Rhetorik, Kommunikation, Wirkung und das kreative Herangehen an Worte, Texte sowie Sprachbilder habe ich mir über die Jahre vor dem Spiegel angeeignet. In unzähligen Stunden habe ich jene Fertigkeiten verfeinert, die mir heute in Vorträgen, Seminaren oder Coachings zur Verfügung stehen. Die wichtigste Erfahrung aus heutiger Sicht aber war die Angst: Ich verstehe damit jeden Kunden und jede Kundin, die mir von Lampenfieber, Nervosität oder Angst vor dem Scheitern, vor der Bloßstellung oder sein Gesicht zu verlieren, berichten. Dieser Angst habe ich fast alles, was ich heute an meinem Beruf liebe, zu verdanken. Wenn oft Kunden oder Kundinnen zu mir sagen: »Herr Traindt, Sie sprechen einfach gern vor Menschen und können gar nicht verstehen, wie sich das anfühlt. Ihnen macht das Freude, für mich ist es wie eine Hinrichtung, wie eine Höllenangst«, so ist mir bewusst, was ich meinem achtjährigen Ich zu verdanken habe. Ich kenne das Gefühl sehr gut und aus Angst vor Buchstaben, die für mich oft keinen Sinn ergaben, wurde die Liebe zur Sprache, die Bedeutung und Kraft hat.
Kennen Sie die Situation, dass Sie in einem Gespräch sind und persönlich verbal angegriffen werden, Ihnen aber nichts einfällt, was Sie darauf erwidern könnten? Sie haben zwar das Gefühl, »das ist jetzt nicht in Ordnung und ich sollte mich verteidigen«, und dennoch reagieren Sie nicht. Sie lassen sich angreifen. Später auf dem Heimweg – im Auto, in der U-Bahn – oder erst daheim im Wohnzimmer fällt Ihnen eine gute Reaktion ein, und Sie denken sich: »Warum fällt mir das erst jetzt ein und nicht dann, wenn ich es brauche? Es wäre doch so einfach gewesen!« Sollten Sie diese oder ähnliche Situationen kennen, dann habe ich dieses Buch für Sie geschrieben.

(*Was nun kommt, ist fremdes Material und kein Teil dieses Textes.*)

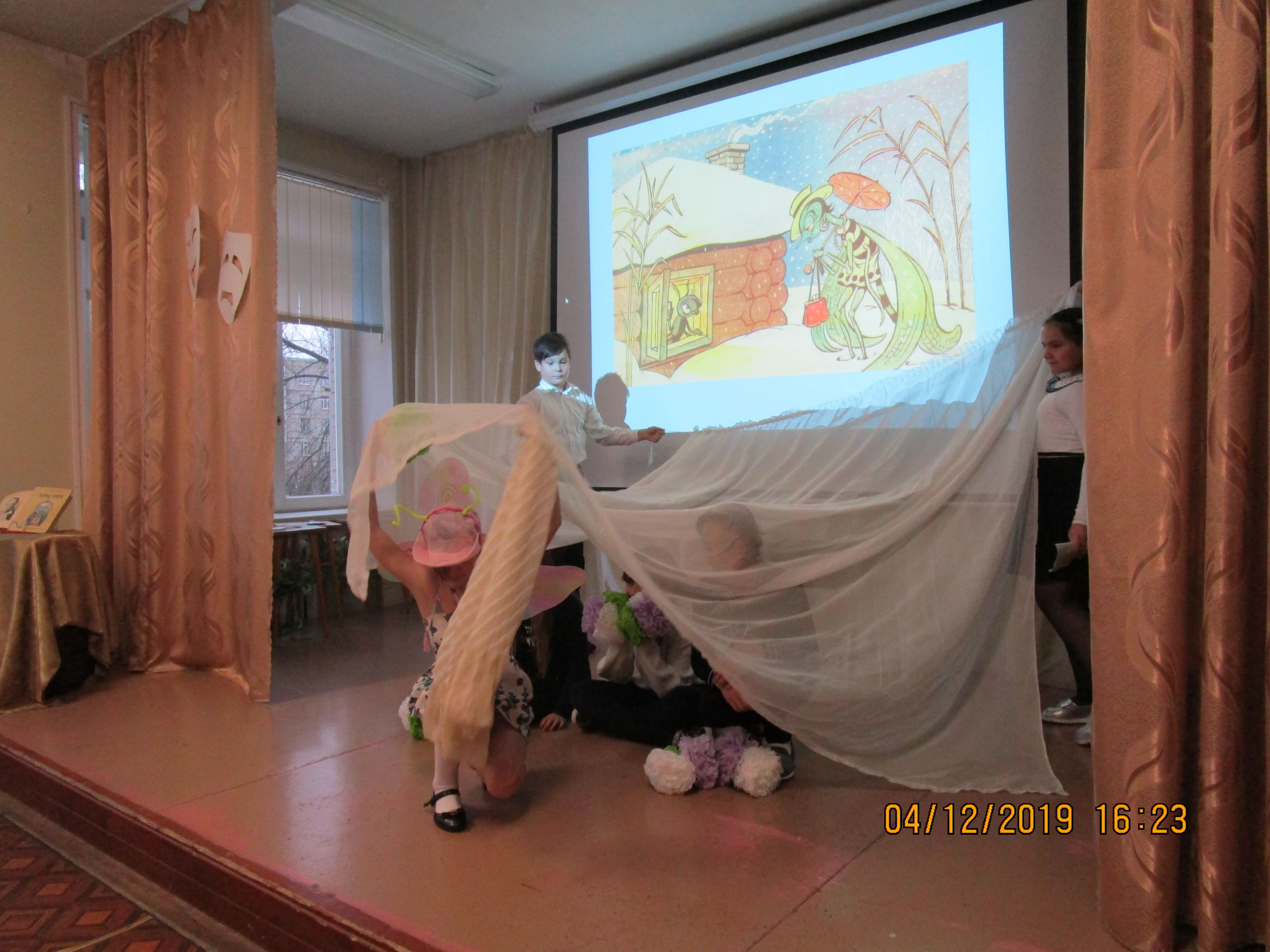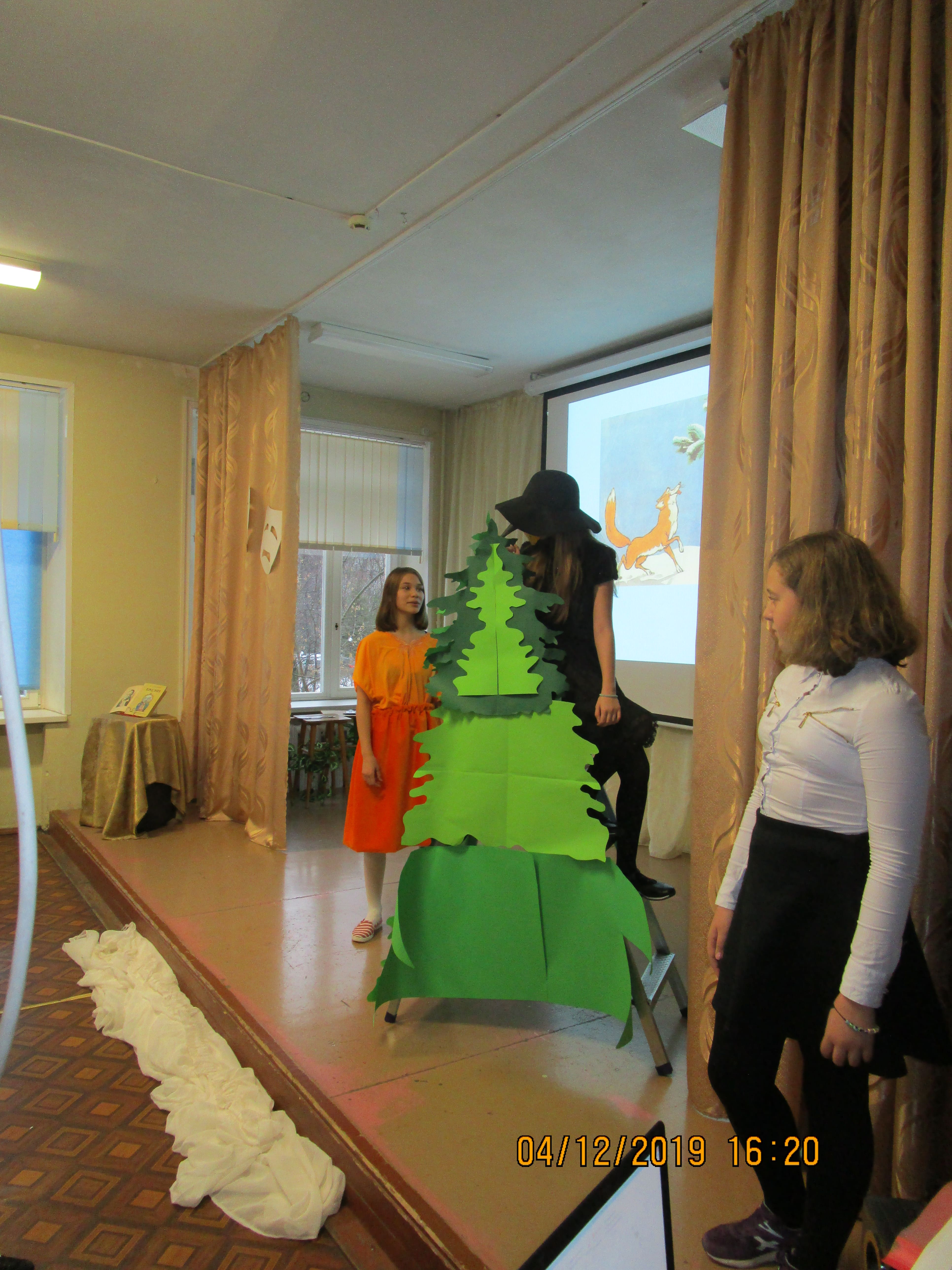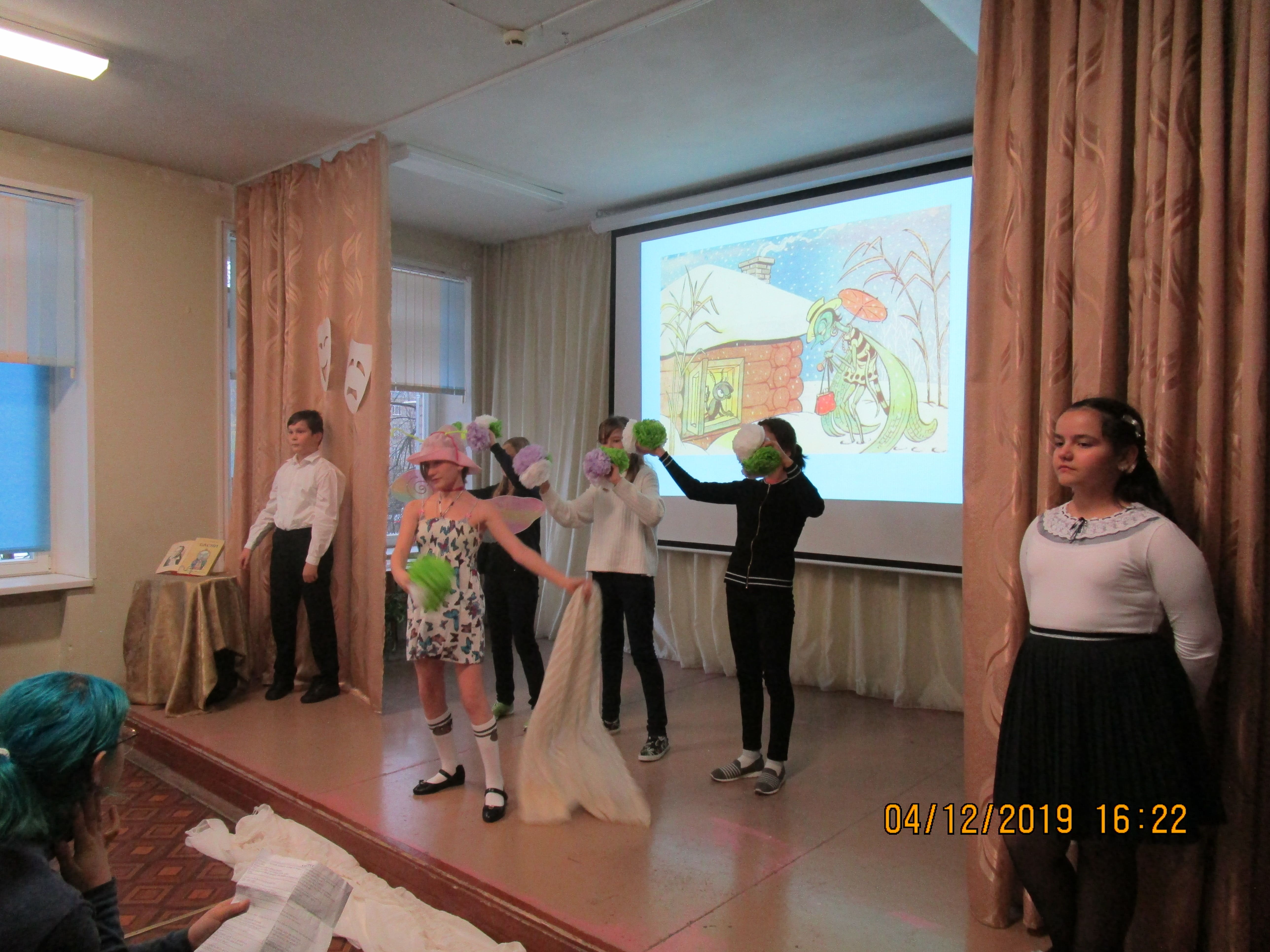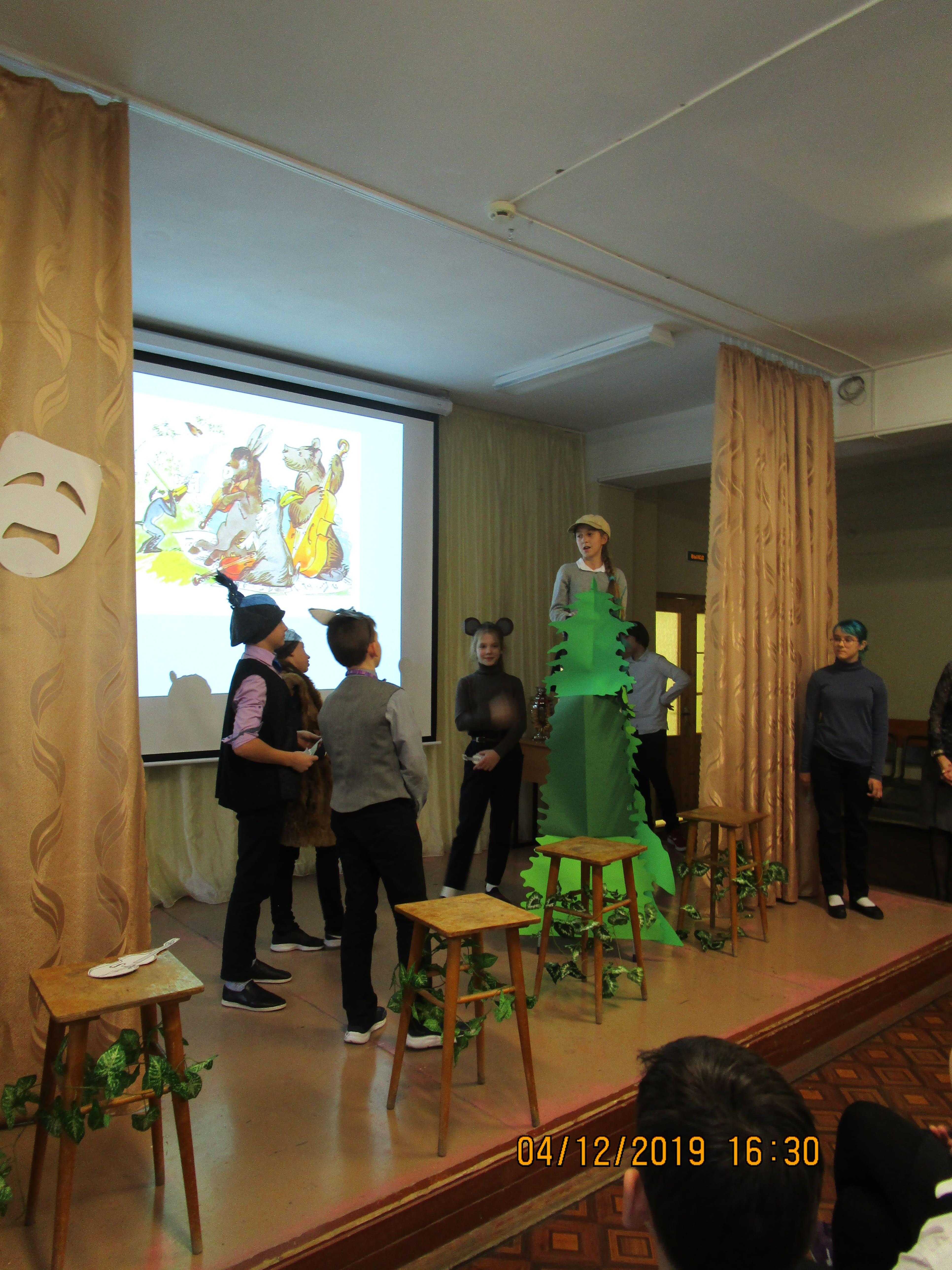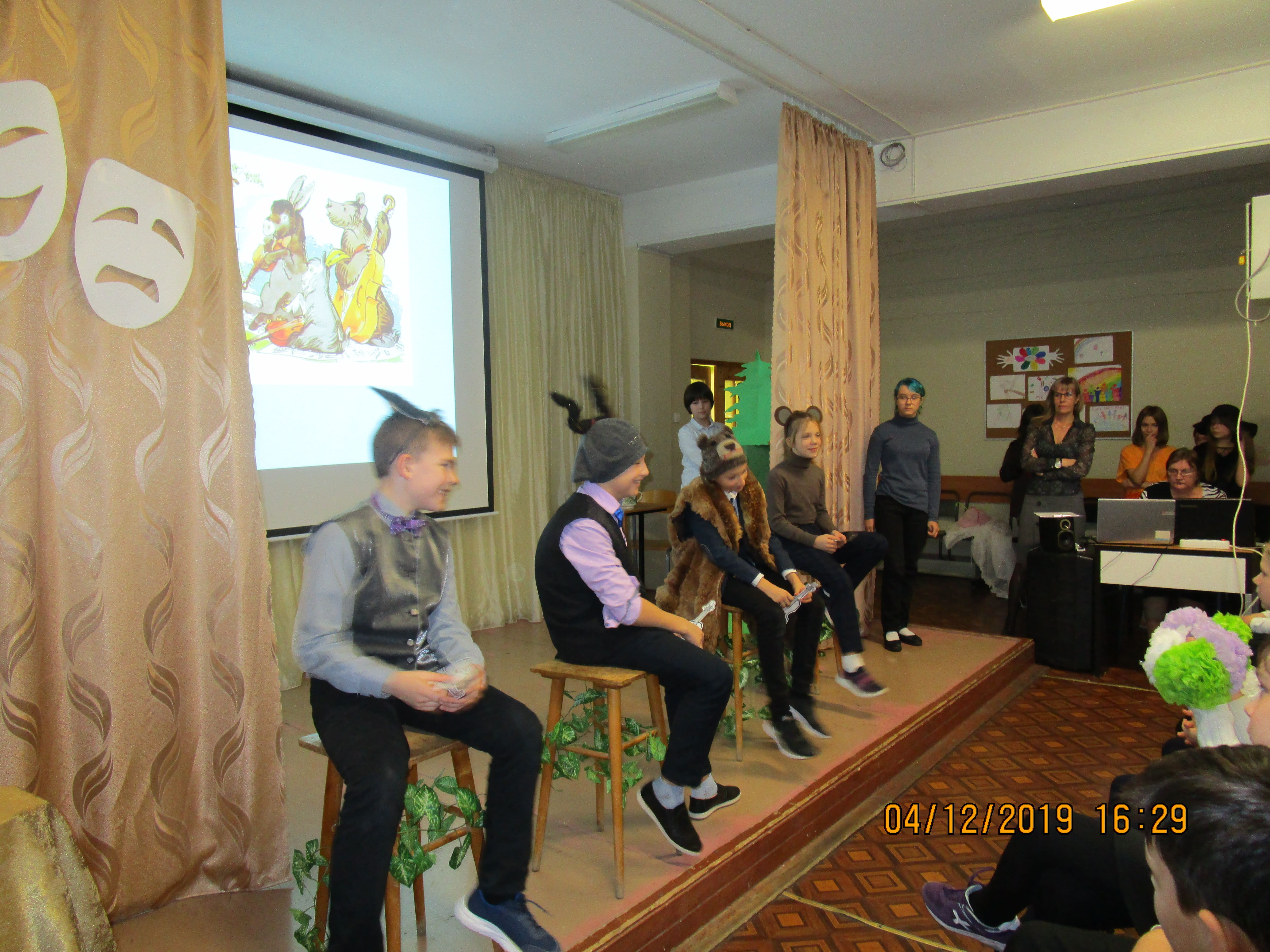Зрителями были те обучающиеся 5-х классов, кто не был занят в спектакле, и полностью 6А класс. Спектакль будет повторно сыгран для обучающихся 4-х классов через неделю.

An alle, die das Gefühl kennen, »sprachlos« zu sein, und den Wunsch, »im Boden zu versinken«, und an alle, die an besseren beruflichen sowie privaten Gesprächen interessiert sind, richtet sich mein Buch.
Das Hauptziel ist es, zentrale Regeln aufzustellen, die in heiklen Gesprächen schützen und damit sachliche Kommunikation sowie inhaltliches Arbeiten ermöglichen. Wie bereits im Titel angekündigt, können diese Regeln aber nicht nur im Berufsleben wichtig sein, sondern auch im Privatleben – sei es in der Familie, im Freundes- oder Bekanntenkreis.
Im Wesentlichen gibt es zwei völlig unterschiedliche Arten von Schlagfertigkeit: Einerseits geht es um die Fähigkeit, schnell und mit passenden, treffenden, witzigen Worten auf etwas zu reagieren, und andererseits geht es darum, wie ich mich vor Untergriffen oder »blöden Sprüchen« schütze und eben nicht sprach- oder reaktionslos werde.
Die erste Variante der Schlagfertigkeit, also der humorvolle Umgang mit einer Situation, trifft für mich dann zu, wenn es sich nicht um ein heikles Gespräch handelt, sondern etwa ein Gespräch unter Freundinnen und Freunden oder mit guten Kolleginnen und Kollegen bei einem Kaffee. Die Stimmung sowie die Beziehung sind also prinzipiell gut oder sogar sehr gut. Es ist ein mehr oder weniger lustiges Scherzen, wobei der Respekt hier nie verloren geht.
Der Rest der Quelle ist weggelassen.